История нравов. Эпоха Ренессанса
Шрифт:
В таких случаях речь идет не о противоречащих друг другу явлениях, а о логически дополняющих друг друга частях одной основной тенденции, как мы подробно выяснили в другом месте (см. главу о моде в нашей книге «Женщина в карикатуре»). И то же самое приложимо и к отношению так называемых «обычаев» к общепризнанным моральным законам. Отдельные понятия о приличии – всегда составные части общей морали, которые в конце концов сливаются в гармоническое целое. Наше определение возникновения моральных воззрений ясно освещает нам взаимоотношения или особую сущность обеих сфер, оно приводит нас к выводу, что разнообразные понятия о приличии, встречающиеся на каждом шагу, представляют, так сказать, перевод общих основных моральных принципов на язык специфической классовой морали. Каждый класс, как мы показали, делает этот перевод по-своему. Само собой понятно, что тот или другой класс не всегда ограничивается одной только дифференциацией и исправлением
Таков один пункт, который следовало ярче подчеркнуть.
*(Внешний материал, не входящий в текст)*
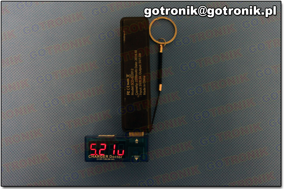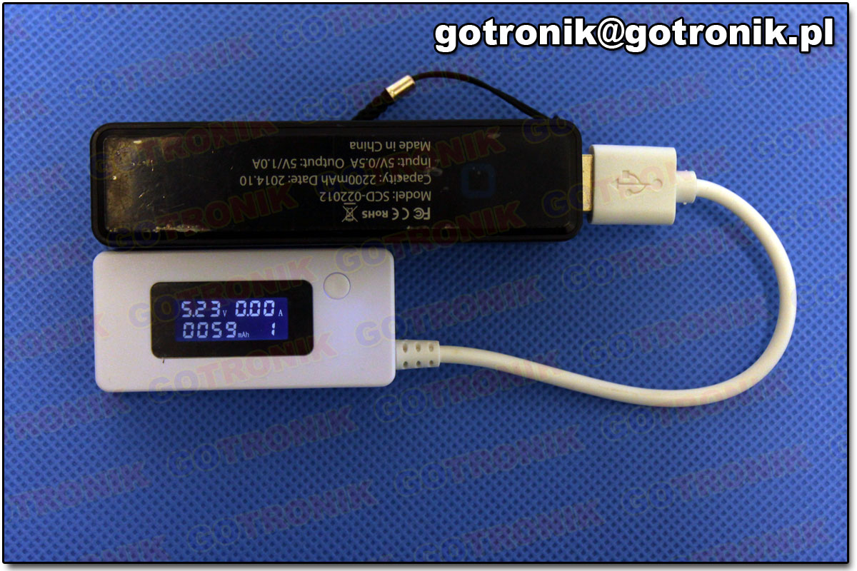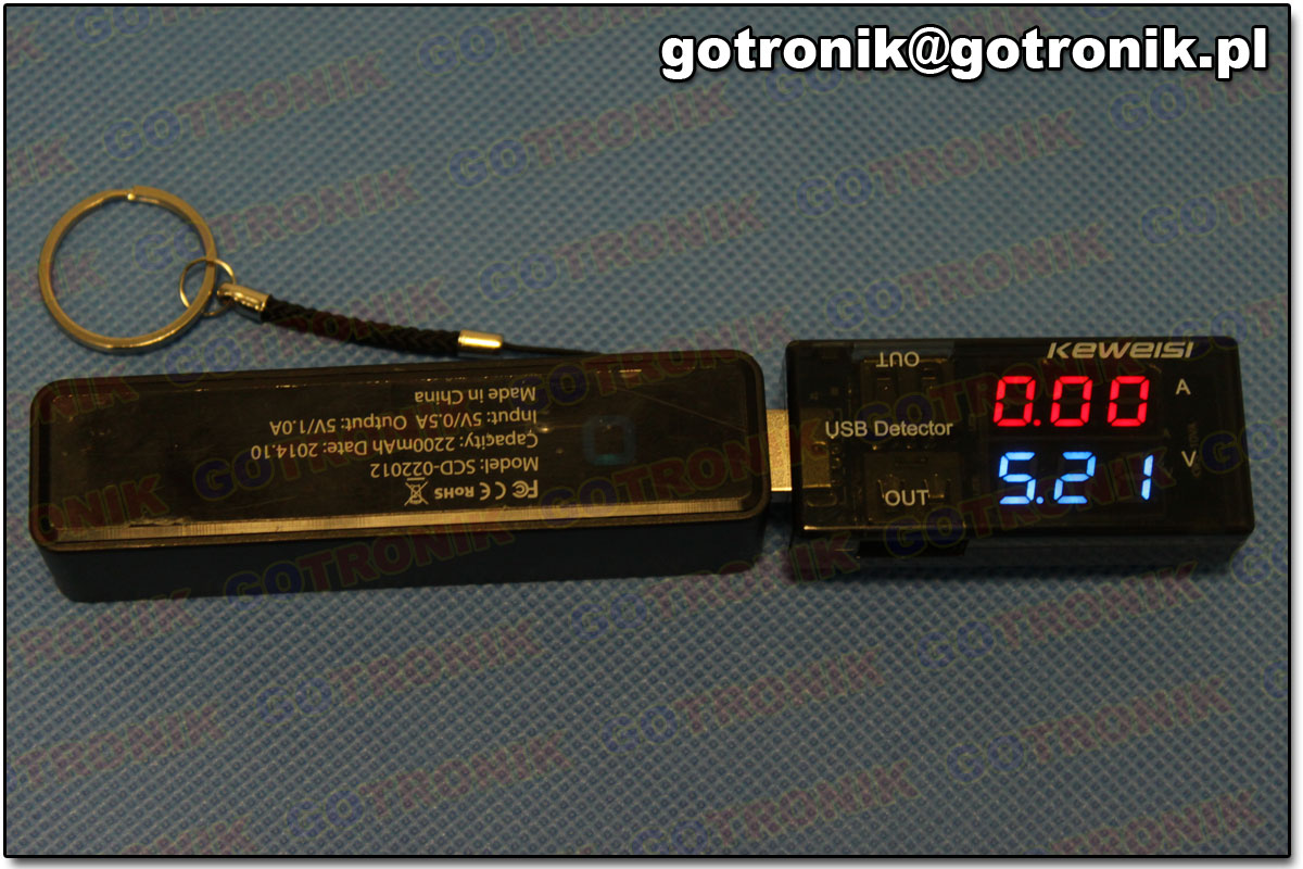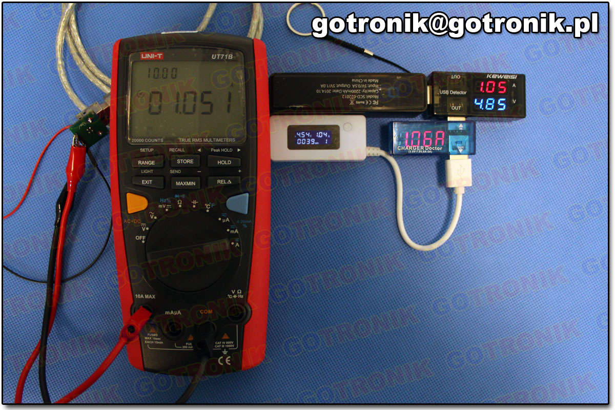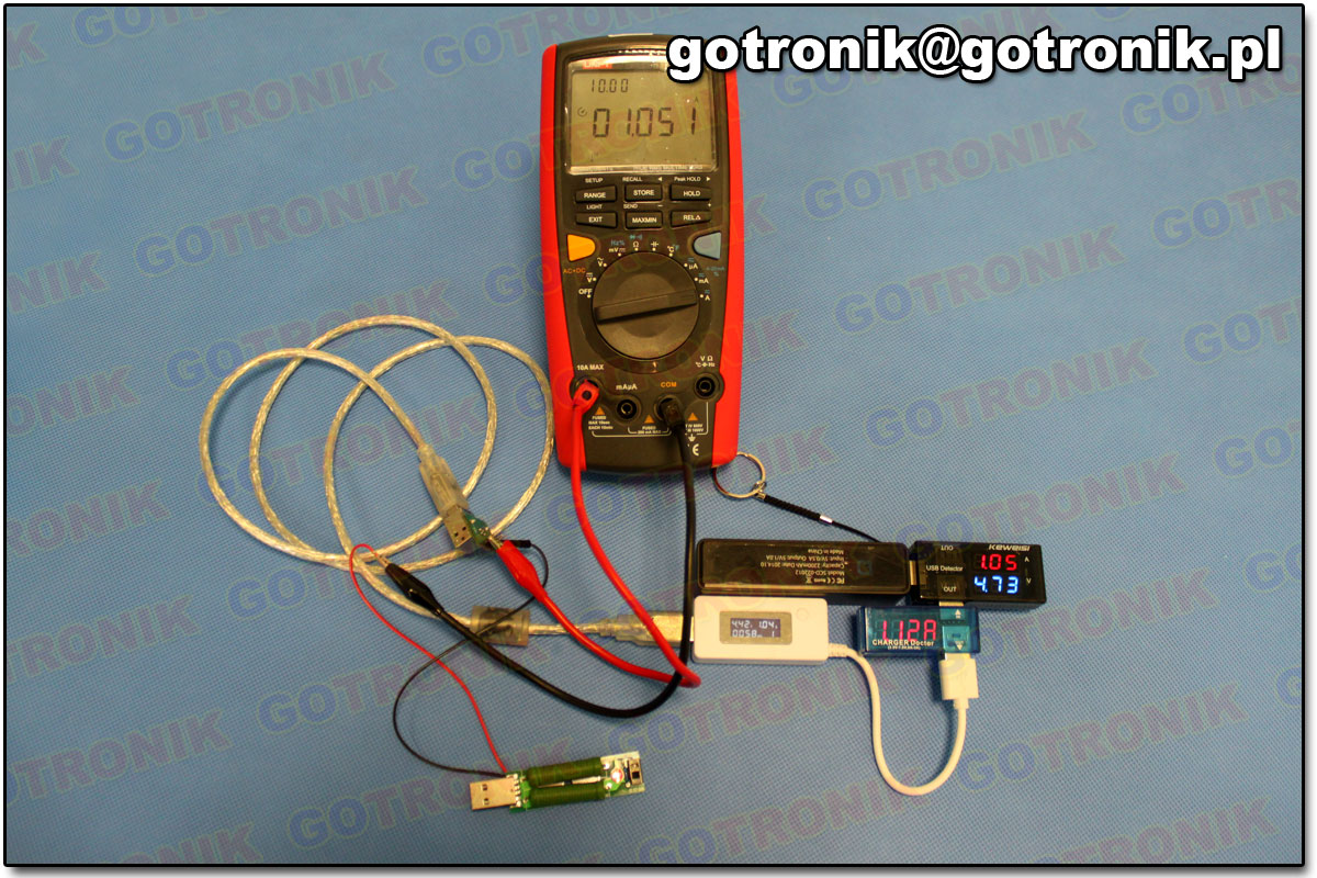 Pierwsze i trzecie urządzenie zostało wyposażone w wyświetlacz 7 segmentowy LED, natomiast drugie w wyświetlacz LCD. Keweisi model KWS-10VA wyróżnia się tym, że posiada 2 wyjścia USB: 1 wyjście do transmisji danych, a 2 do połączenia urządzenia USB pobierającego tylko zasilanie. Pozostałe dwa modele posiadają tylko jedno wyjście. Następnie przeprowadziliśmy dwa testy. Pomiar prądu, Połączono w szereg trzy wybrane modele i Power Bank. Do układu dodano obciążenie. Wynik pomiaru urządzeń (widoczny na zdjęciu) porównano z wynikiem otrzymanym z wyższej klasy multimetrem.
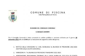 Il Consiglio Comunale è convocato in presenza MERCOLEDI' 28 SETTEMBRE 2022 alle ore 19.00.
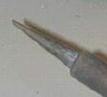 ![]() my 'helping hand' and a fine pointed soldering tip This 'helping hand' costs only about CHF15.- (~$10). Usually I have the small boards resting on the table and don't use the clips. Some people I know use a headset with an magnifying optic on it.
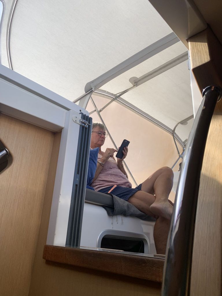 Wir sperren den Boliden ab, tragen erste Lebensmittel zu uns an Bord. Dabei kommen wir immer wieder an Thomas´ SIMPLY FREE vorbei. Wie wenn wir telepathisch verbunden wären, höre ich das vertraute BIMM von meinem Telefon – Thomas fragt, ob ich mal die Bilgenpumpe betätigen könne und mal nach dem Rechten sähe – klar, mach ich!

Другой пункт заключается в следующем.
Можно доказать, что ряд нравственных норм имеет общеобязательную силу, хотя, как выясняет более детальный анализ, они вовсе не в интересах всех классов. И, однако, было бы неверно делать отсюда вывод, что будто существуют общеобязательные моральные законы, лежащие вне классовых интересов, или что тем не менее существуют нравственные нормы, витающие вне времени и пространства над жизнью. Нет, эти факты говорят нечто совсем другое, а именно: специфические классовые моральные постулаты являются не только средствами, обособляющими классы, и не только средствами, связующими отдельных представителей класса, но отчасти и притом очень ценными и потому всегда охотно употребляемыми средствами классового господства.
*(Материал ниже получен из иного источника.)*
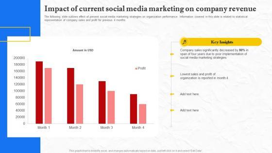 The following slide outlines effect of present social media marketing strategies on organization performance. Information covered in this slide is related to statistical representation of company sales and profit for previous 4 months. Here you can discover an assortment of the finest PowerPoint and Google Slides templates. With these templates, you can create presentations for a variety of purposes while simultaneously providing your audience with an eye-catching visual experience. Download Facebook Marketing Techniques Impact Of Current Social Media Marketing Strategy SS V to deliver an impeccable presentation. These templates will make your job of preparing presentations much quicker, yet still, maintain a high level of quality. Slidegeeks has experienced researchers who prepare these templates and write high-quality content for you. Later on, you can personalize the content by editing the Facebook Marketing Techniques Impact Of Current Social Media Marketing Strategy SS V. The following slide outlines effect of present social media marketing strategies on organization performance. Information covered in this slide is related to statistical representation of company sales and profit for previous 4 months.
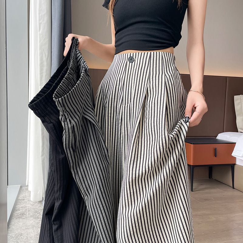 韩版条纹阔腿裤女秋冬2025新款高腰显瘦宽松垂坠感直筒拖地西装裤
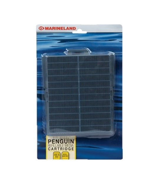 he Marineland Penguin Refillable Filter Media Cartridge is a great alternative to standard media bags. This refillable cartridge frame has a patented ribbed design keeps the media of choice evenly distributed for maximum water-to-media contact. The snap open and lock tight design also ensure no media spillage for crystal clear and clean water at all times.
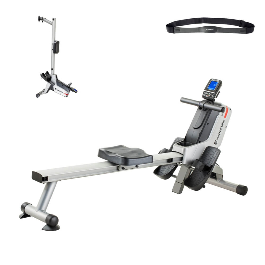 Evezőgép inSPORTline Yukona, mágnesfékes, állitható, elektromos, mágnesfékes, 16 terhelési szint, max 110kg, max 185cm, pulzus, HRC, súly 20kg - ezüst
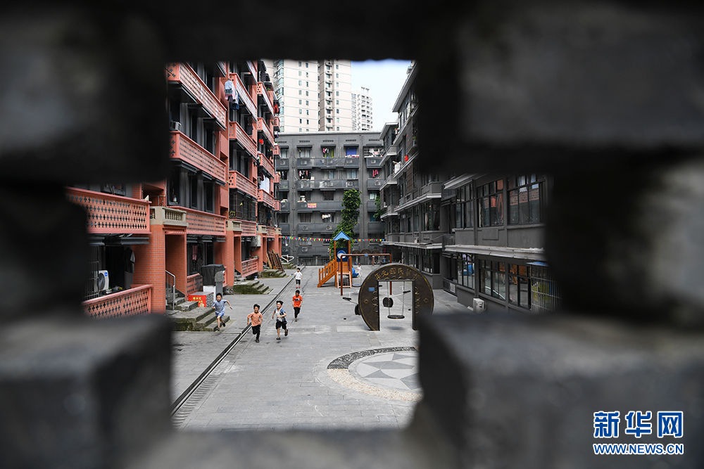6月1日,小朋友在重慶市南岸區(qū)銅元局街道雙峰山社區(qū)長江村小區(qū)內(nèi)玩耍。新華社記者 王全超 攝
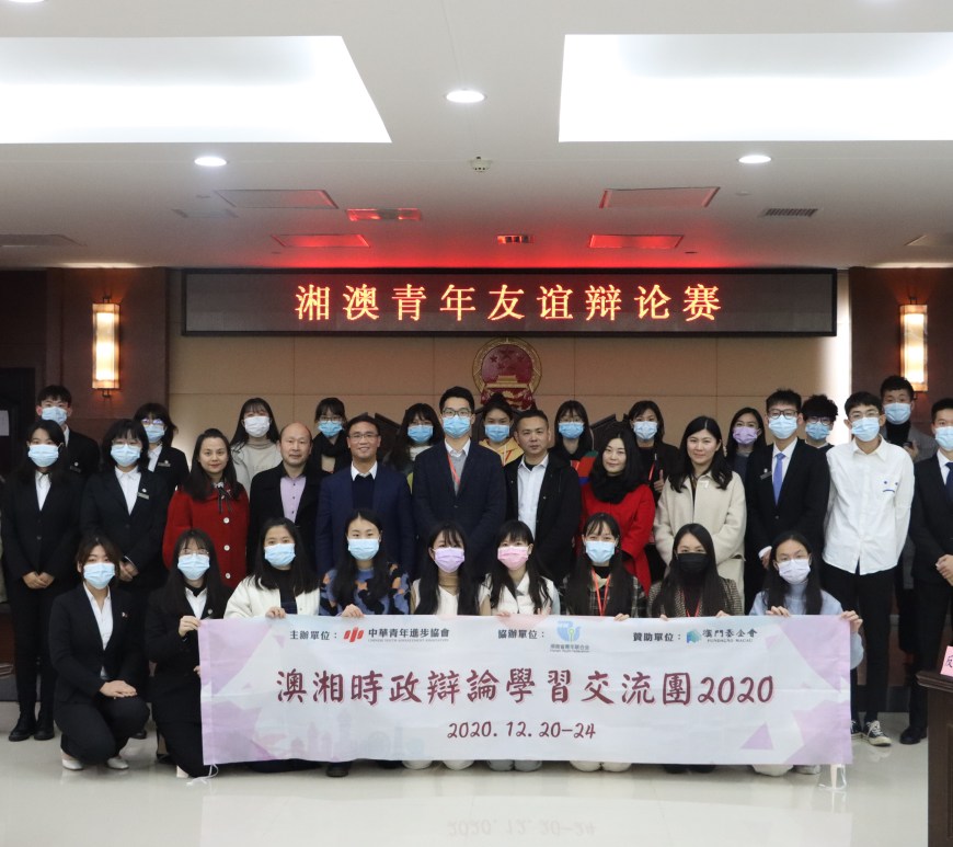 中華青年進步協會主辦,湖南省青年聯合會協辦,澳門基金會贊助的「澳湘時政辯論學習交流團2020」由青進會常務副理事長兼秘書長施逸任團長,帶領「全澳青年辯論公開賽2020——青年盃」獲勝辯手及指導老師,一行共二十人前往湖南長沙進行為期五天的學習交流。行程參觀了毛主席故居、湖南省博物館、馬欄山視頻文創產業園,並與中南林業科技大學進行辯論友誼賽。
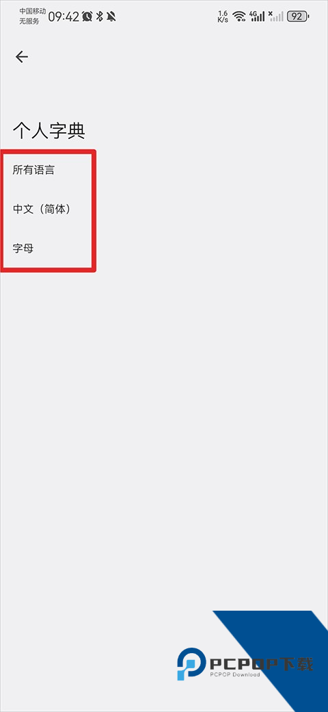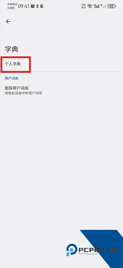 3、进入后点击个人字典。
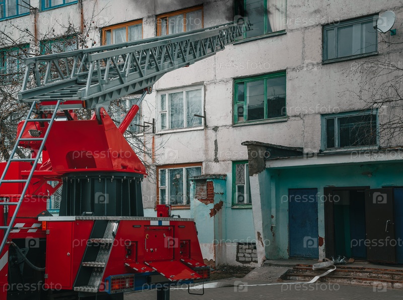 Лестница пожарной машины, доведенная до окна
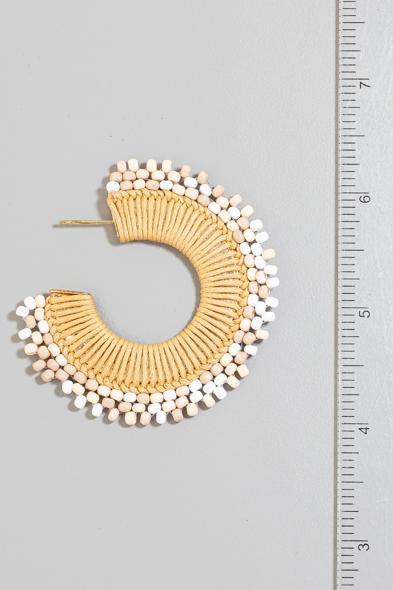 - This pair of hoop earrings brings a luxurious beaded and braided flat style. Celebrate the art of accessorizing with this piece that effortlessly encapsulates modern trends.

Командующий класс данной эпохи навязывает как общеобязательную идеологию другим классам ту часть своей половой идеологии, которая в специальных интересах его господства. И почти во все времена эти идеологии воспринимаются угнетенными классами как общеобязательные. Последнее может показаться странным и чудовищным. И, однако, это вовсе не странно. Надо помнить, что господствующий класс угнетает другие не только физически, т. е. в социальном и политическом отношении, но и духовно, навязывая им во всех духовных областях те воззрения, которые могут поддержать его господство.
Там, где классовое сознание недостаточно развито, где господствует неясное представление о сущности вещей, люди склонны принять как общеобязательный закон то, что в действительности служит лишь интересам данного господствующего класса. Так, например, в известные эпохи все верили как в свыше установленный вечный закон, что иметь многих детей есть добродетель. И, однако, в известные эпохи (именно те, когда этот закон особенно почитался) эта добродетель была не более как важнейшим экономическим интересом командующих классов, нуждавшихся в рабочей силе, в солдатах, в плательщиках налогов и т. д. Конечно, это никогда не мешало господствующему классу не считать этот закон обязательным для себя. «Иметь много детей» он для себя считал просто неприличным.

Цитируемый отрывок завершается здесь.